The golden webhook rule
public function webhook(Request $request): JsonResponse
{
$result = $this->gateway->handleWebhook($request);
if (! $result->processed) {
Log::channel('daily')->warning('BayarCash webhook ignored', ['message' => $result->message]);
}
// Return 200 even on a soft failure. BayarCash retries on non-2xx,
// so a 500 means it hammers you 40 times. Log, return OK, reconcile.
return response()->json(['processed' => $result->processed]);
}
This is the single most important production lesson here. Once you've verified the signature, respond 2xx. A bad signature is a 401. Everything else — order not found, unexpected status, a bug in your handler — logs loudly and still returns 200, because non-2xx puts you in BayarCash's retry loop and turns one problem into a storm. Make side effects idempotent (updateOrCreate, guard on status) so a retry is harmless.

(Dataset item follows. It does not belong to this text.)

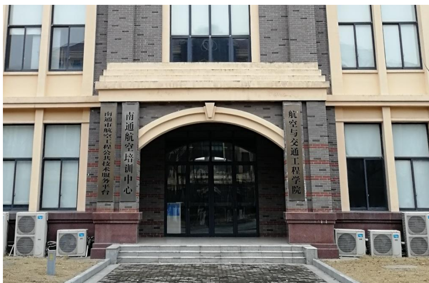
校企共建南通航空培训中心

企业与江苏工院共同建设南通航空工程公共技术服务平台，该平台的建设填补了从南通市到江苏省乃至整个长三角地区航空公共技术服务平台的空白，成为长三角以及华东地区航空及其配套产业的区域性重点公共技术服务平台。2018年服务平台完成横向课题 16 项，到账经费 80 多万元。

The recurring-billing reality
Plain FPX is one-shot — no stored card, no automatic monthly charge. True auto-renewal needs an FPX Direct Debit mandate, which requires the payer's NRIC and phone — data a simple checkout usually doesn't collect. Two honest options: wire Direct Debit (createFpxDirectDebitEnrollment) and collect those fields, or charge one-shot and run a scheduled renewal job with lead-time + grace windows. Either way, keep supportsRecurring() returning false until DD is actually enrolled. And refunds: FPX has none automatic — surface a "process manually" path, not a button that silently fails.
Testing without the network
Because the contract is bound to a Fake when no token is set, the whole flow tests offline:
it('activates a subscription on a successful webhook', function () {
$sub = Subscription::factory()->pending()->create(['external_id' => 'wau-abc12345-business-m-a1b2c3']);
post(route('billing.bayarcash.webhook'), ['order_number' => $sub->external_id, 'status' => 3])
->assertOk();
expect($sub->fresh()->status)->toBe(SubscriptionStatus::Active);
});
it('rejects a tampered webhook with 401', fn () =>
post(route('billing.bayarcash.webhook'), ['status' => 3, 'checksum' => 'wrong'])->assertUnauthorized());
Add a dev-checkout route that fakes the hosted page (404'd in production) so you can click through /billing → checkout → return locally with zero credentials.
Production checklist
- Return 2xx after verifying — anything else triggers the retry loop. 401 only for bad signatures.
- Idempotent side effects — retries and the return-URL replay both re-enter the handler.
- CSRF-exempt the callback route.
- Public-reachable callback URL — no localhost, no basic-auth wall, no "block bots" edge rule swallowing it.
- Log every payload (behind a flag) to a daily channel — reconciliation is impossible without it.
- Queue post-payment side effects so the webhook responds fast.
-
SDK method-name gotcha: both
createPaymentIntentChecksumValue(correct) and the legacy typocreatePaymentIntenChecksumValueexist. Use the former. -
Channel-constant gotcha:
DUITNOW_QR = 6;3 = FPX_DIRECT_DEBIT. Hand-map integers and you'll charge someone through the wrong rail — use theBayarcash::*constants.
Wrap-up
The SDK is maybe 20% of a BayarCash integration. The other 80% is the architecture: a thin wrapper so credentials resolve once, a domain contract so your app never touches a raw payload, a factory so the gateway is swappable, a Fake so everything is testable, and a webhook handler that survives retries. Get those right and adding DuitNow QR, bolting on Stripe, or extracting the whole thing into a reusable cashier-bayarcash-style package becomes a rename, not a rewrite.
Payment integrations touch real money — test the status map, signature verification, and idempotency hardest, and always validate against BayarCash's current official docs for your API version.